The Company has adopted the provisions required by the Start-Up Activities topic of the FASB Accounting Standards Codification whereby all costs incurred with the incorporation and reorganization of the Company were charged to operations as incurred.
The Company files income tax returns in the United States of America and various states, as appropriate and applicable. As a result of the Companys bankruptcy action, the Company is no longer subject to U.S. federal, state and local, as applicable, income tax examinations by regulatory taxing authorities for any period prior to August 1, 2007. The Company does not anticipate any examinations of returns filed for periods ending after August 1, 2007.
The Company uses the asset and liability method of accounting for income taxes. At September 30, 2011 and December 31, 2010, respectively, the deferred tax asset and deferred tax liability accounts, as recorded when material to the financial statements, are entirely the result of temporary differences. Temporary differences generally represent differences in the recognition of assets and liabilities for tax and financial reporting purposes, primarily accumulated depreciation and amortization, allowance for doubtful accounts and vacation accruals, as well as the potential impact of any net operating loss carryforward(s) and their potential utilization.
The Company has adopted the provisions required by the Income Taxes topic of the FASB Accounting Standards Codification. The Codification Topic requires the recognition of potential liabilities as a result of managements acceptance of potentially uncertain positions for income tax treatment on a more-likely-than-not probability of an assessment upon examination by a respective taxing authority. As a result of the implementation of Codifications Income Tax Topic, the Company did not incur any liability for unrecognized tax benefits.

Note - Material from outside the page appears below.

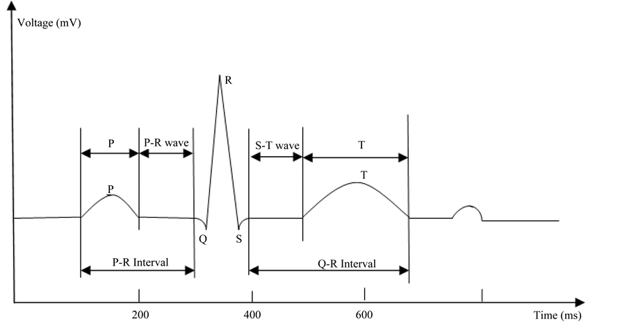 Resting potential and action potential in medicine are known as polarization and depolarization. A classic electrocardiographic includes not only P-waves produced by atria depolarization, QRS-waves produced by ven- tricular depolarization, T-waves produced by rapid ventricular repolarization and so on. At the moment of atria depolarization, the beating heart could produce biological signals of P-waves. QRS-waves can also be produced by ventricular depolarization. T-waves, PR segment, ST segment, PR interval and ST interval can appear at the time of rapid ventricular repolarization. Classic ECG can accurately reflect the changes of biological signals and provide a reference for medical treatment [20] - [23] . Every band corresponds to a kind of mechanical moment of ventricular or atria as shown in Table 2.

Basic earnings (loss) per share is computed by dividing the net income (loss) available to common stockholders by the weighted-average number of common shares outstanding during the respective period presented in our accompanying financial statements.
Fully diluted earnings (loss) per share is computed similar to basic income (loss) per share except that the denominator is increased to include the number of common stock equivalents (primarily outstanding options and warrants).
Common stock equivalents represent the dilutive effect of the assumed exercise of the outstanding stock options and warrants, using the treasury stock method, at either the beginning of the respective period presented or the date of issuance, whichever is later, and only if the common stock equivalents are considered dilutive based upon the Companys net income (loss) position at the calculation date.
As of September 30, 2011 and 2010, respectively, the Company had no outstanding stock warrants, options or convertible securities which could be considered as dilutive for purposes of the loss per share calculation.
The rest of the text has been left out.